Step 1: Trace the Chain

Use curl to follow redirects step by step:

curl -I -L --max-redirs 10 https://example.com/page

This shows each redirect hop with its status code and destination. You'll see the pattern repeat when it loops.

Step 2: Check Browser DevTools

Open Chrome DevTools → Network tab → request the URL. Look for repeated 301/302 responses. The "Initiator" column shows the redirect chain visually.

Step 3: Test Different Variations

Try each URL variation separately to identify which one triggers the redirect:

  • http://example.com/page
  • https://example.com/page
  • http://www.example.com/page
  • https://www.example.com/page
  • With and without trailing slash

Step 4: Check Each Layer

  1. DNS — What does the domain resolve to?
  2. CDN/Proxy — Does the CDN add its own redirects?
  3. Web server — Check nginx.conf, .htaccess, or server config for redirect rules
  4. Application — Check CMS settings, routing config, and middleware

How to Fix Common Redirect Loops

HTTPS loop with CDN: Set the CDN to use "Full SSL" mode so it connects to the origin over HTTPS, matching what it serves to users.

WWW conflict: Pick one canonical form (www or non-www) and configure both DNS and server rules consistently. Don't redirect in both directions.

CMS conflict: Align the CMS URL settings with your server redirect rules. If WordPress says the site URL is https://example.com, don't have a server rule that redirects to https://www.example.com.

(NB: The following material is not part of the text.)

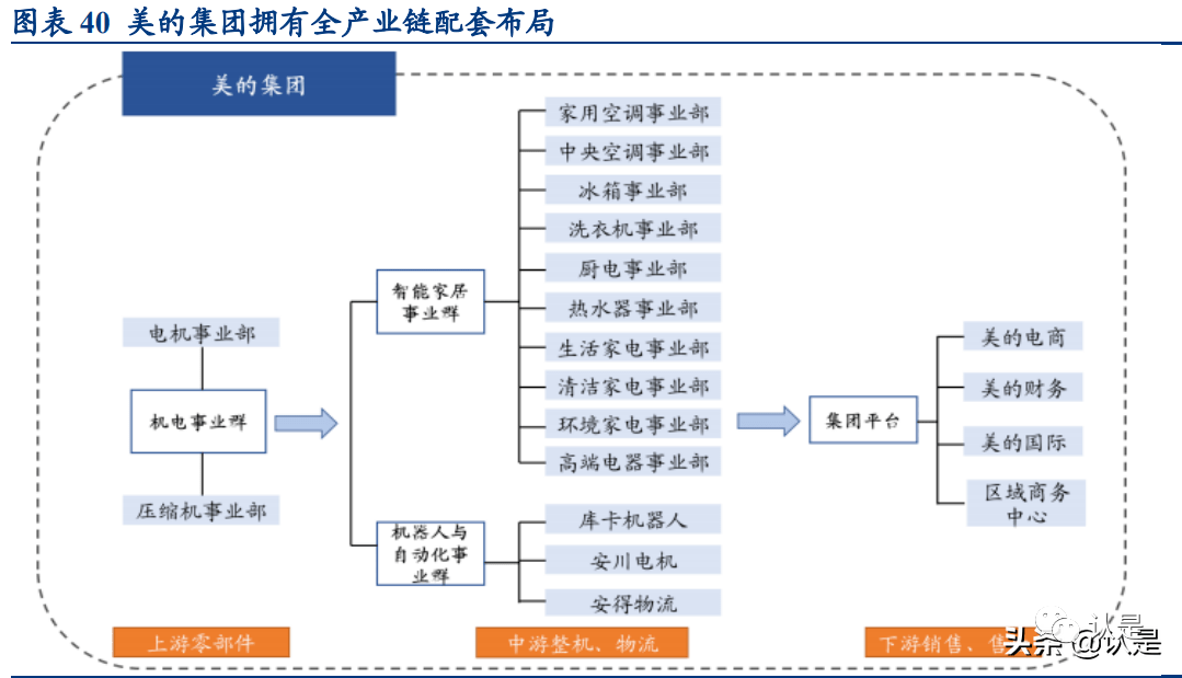 供应链方面:美的布局覆盖上下游,产业链配套齐全。美的早在上世纪 90 年代就 开始通过收并购切入家电核心零部件领域,成立威灵控股、与日本三洋合作生产 电。

Trailing slash loop: Choose one format and enforce it at a single layer. Don't have the CDN adding slashes while the application removes them.

SEO Impact of Redirect Loops

Indexing failure. Google's crawler abandons pages in a redirect loop after a few attempts. The page drops from the index entirely — you'll see it reported as a redirect error in Search Console's Coverage report.

Wasted crawl budget. Every attempt to crawl a looped URL consumes crawl budget without successfully indexing a page. For large sites, this means other pages get crawled less frequently.

Lost link equity. External backlinks pointing to looped URLs pass no value. The link equity sits in a dead end until the loop is resolved.

User experience. Visitors see an error page instead of your content. Depending on the browser, they see "ERR_TOO_MANY_REDIRECTS," "This page isn't working," or a blank page.

FAQs

How many redirects before a loop error?

Browsers typically stop after 20 redirects. Google's crawler follows up to 10 redirect hops. If your chain exceeds these limits — whether it's a true loop or just an excessively long chain — the page becomes inaccessible.

Can a redirect loop affect other pages on my site?

Not directly. The loop only blocks the specific URLs involved. However, if many pages are stuck in loops, the cumulative crawl budget waste can slow indexing for the rest of your site.

How do I prevent redirect loops during site migrations?

Map every old URL to its new destination before launching. Test the redirect rules in a staging environment. Run a full-site crawl after launch to catch any loops. Pay special attention to the HTTP/HTTPS and www/non-www layers, which are where most migration loops originate.

Will Google penalize my site for redirect loops?

There's no ranking penalty for redirect loops. The affected pages simply fail to index. Once you fix the loop, Google will recrawl and reindex the pages — typically within days if the site is crawled frequently.